National Arts Center
- Address: Los Baños, Laguna Philippines
- Coordinates: 14°09′47″N 121°12′57″E﻿ / ﻿14.16317°N 121.21585°E
- Operator: Philippine High School for the Arts Cultural Center of the Philippines
- Capacity: 1,000

Construction
- Opened: 1976; 50 years ago

= National Arts Center =

Arts center in Laguna, Philippines

The National Arts Center is a building complex situated in Mount Makiling, Los Baños, Laguna, the Philippines. The establishment was inaugurated in 1976. Its theater is the Tanghalang Maria Makiling or the NAC Center, which has an audience capacity of 1,000 people.

The complex occupies a total area of 13.5 ha at the Makiling Forest Reservation. Most of its facilities are operated by the Philippine High School for the Arts except the Pugad Adarna, which is run by the Cultural Center of the Philippines.

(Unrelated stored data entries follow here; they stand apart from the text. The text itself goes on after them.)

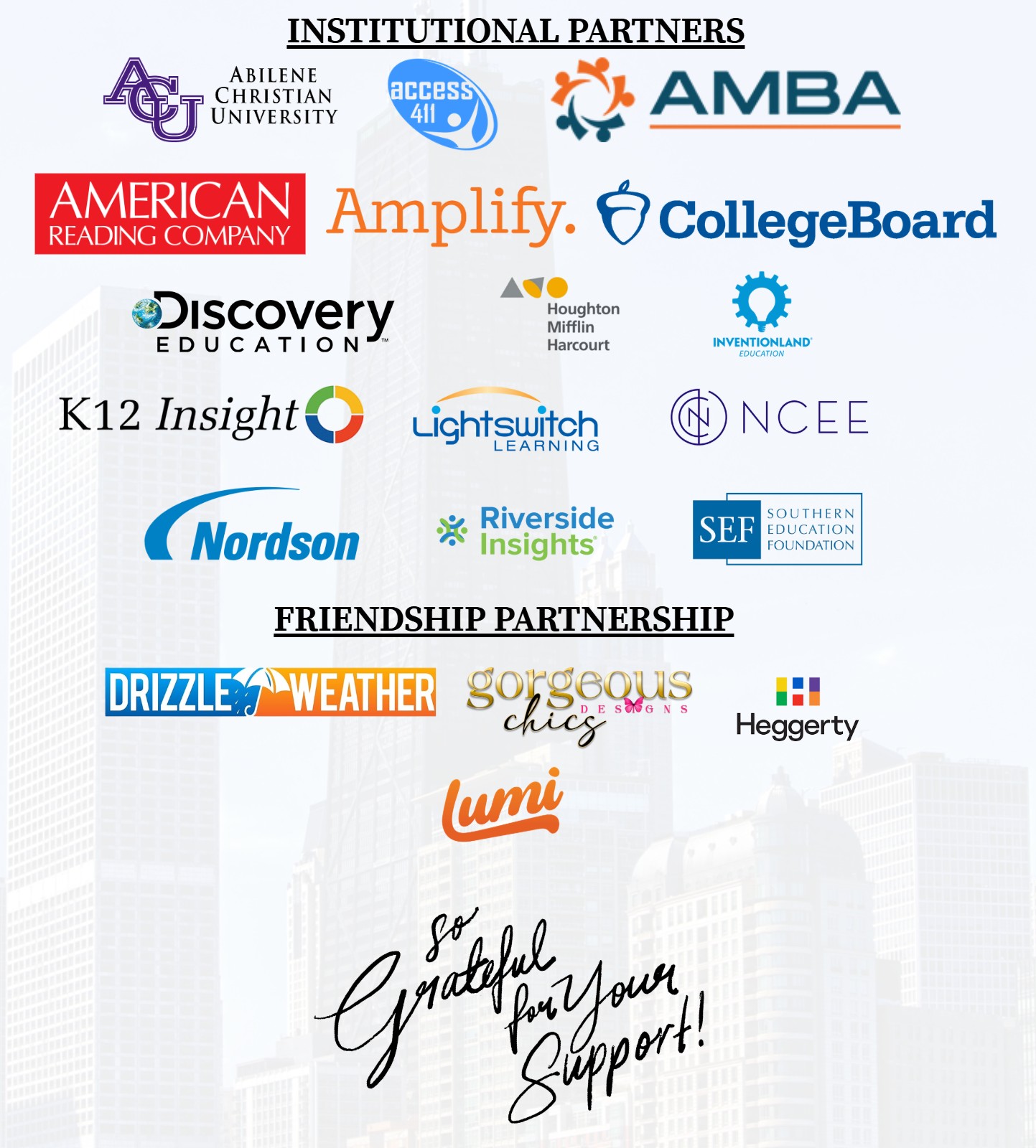 A Special THANK YOU to Our Partners
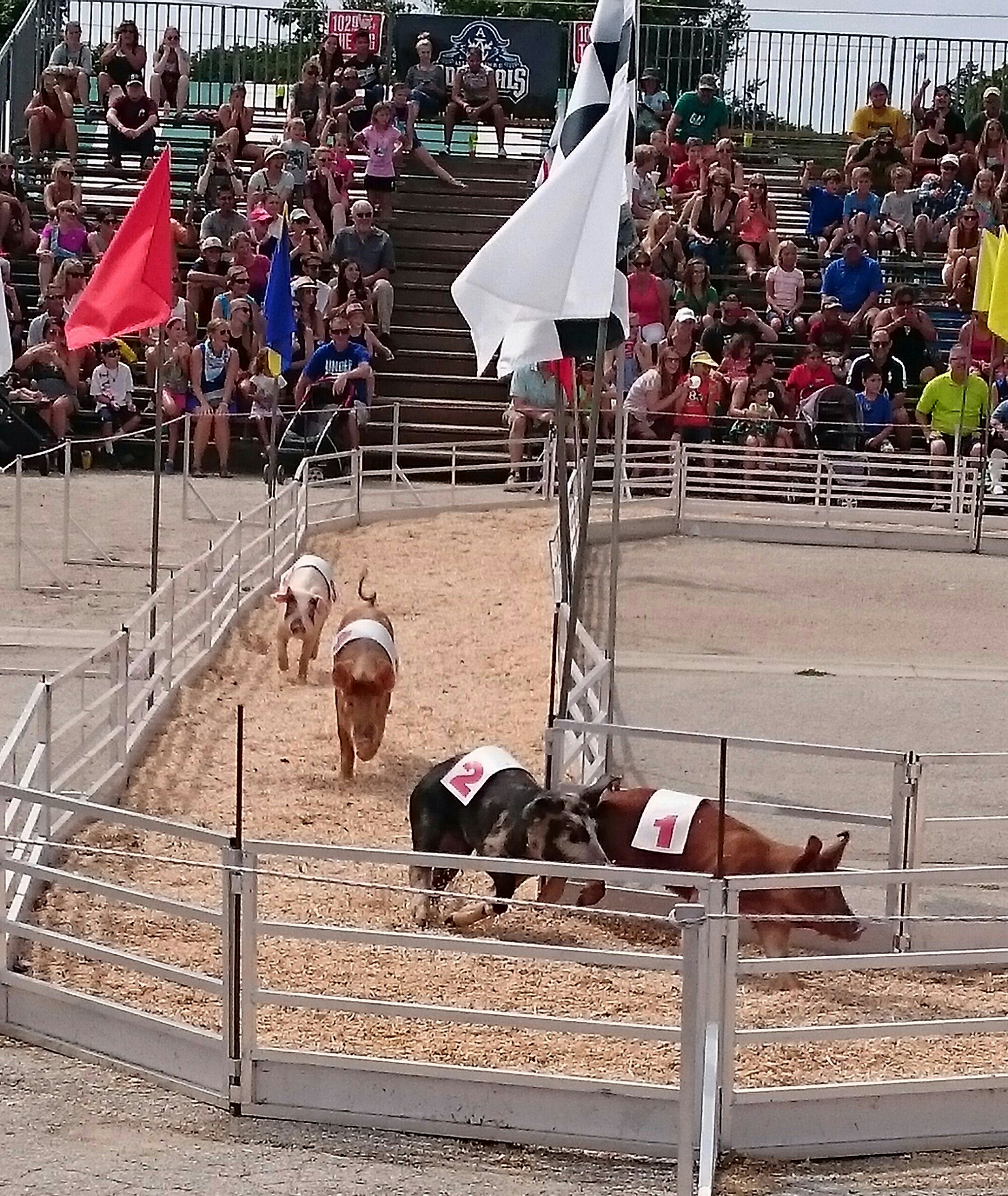 In the picture above they have been put in a ring with some sashes on and are racing around a track for an Oreo cookie. People stand and scream and cheer for a winner. They high-five each other if their pig wins. They even buy little pig souvenirs. Here is the funny thing, most of them never go into the barn where the regular pigs are. What is the difference between these two pigs? One has a cookie at the other end and a little bit of training.
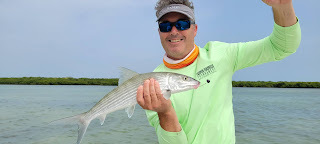 My afternoon trip was with Tim and Mark and these guys were awesome so we focused on bonefishing. Tim hooked a nice fish and got it to the boat but the fish broke off as it got under the boat and by the trim tab. Then not long after Mark hooked a big bonefish but it came off almost immediately. Finally with almost no time left and us having to head in Tim hooks up again and finally gets his bonefish. Close call!
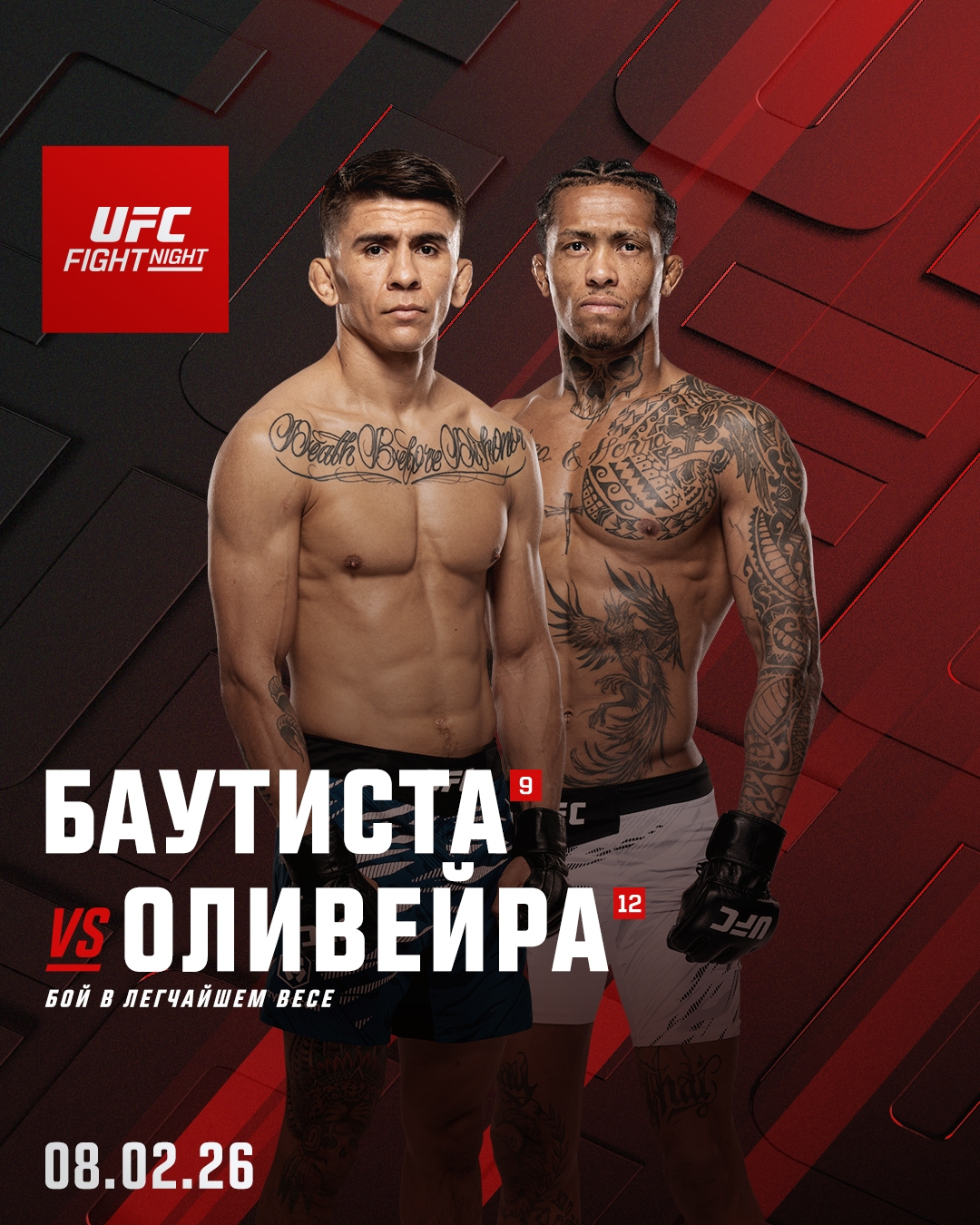 UFC Vegas 112 на 7 февраля возглавит рейтинговый бой в легчайшем весе 🇺🇸Марио Баутиста - 🇧🇷Винисиус Оливейра. На одном турнире с Веретенников дебютирует в UFC экс-чемпион Naiza в легком весе - украинец Даниил Донченко, который выиграл реалити-шоу The Ultimate Fighter и теперь поднялся в полусредний вес.
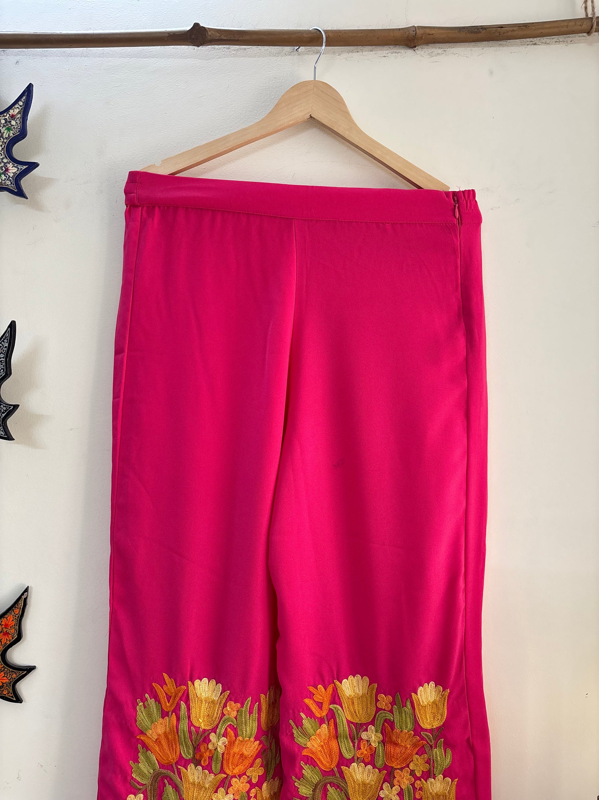Add elegance to your wardrobe with this lovely pair of Aari embroidered palazzos by Saugaat station. You will get most out of your look wearing this piece with your favourite crop top and flats.
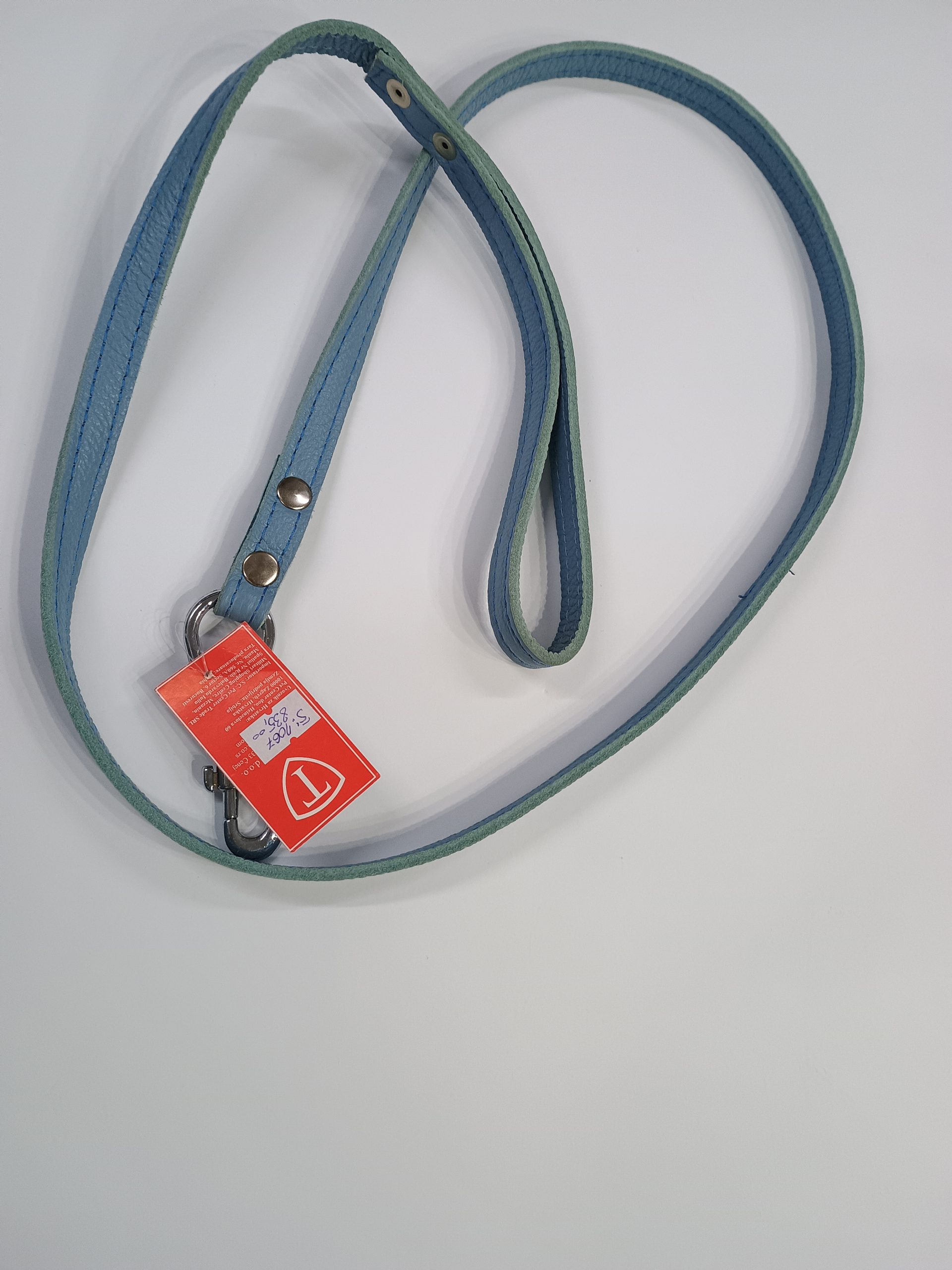 Povodac nežno plave boje za male pse izrađen je od vrlo mekane prirodne kože. Ima veliku kvalitetnu kopču i udobnu dršku.

Venues aside from the theater include the Pugad Aliguyon or the Marvilla Cottages, the Pugad Adarna or Executive House, a two-story clubhouse called the Bulwagang Sarimanok, and St. Marc's Chapel which is also used for weddings. The chapel's monumental cross was designed by Leandro Locsin and features a negative space outline of the crucified Jesus Christ.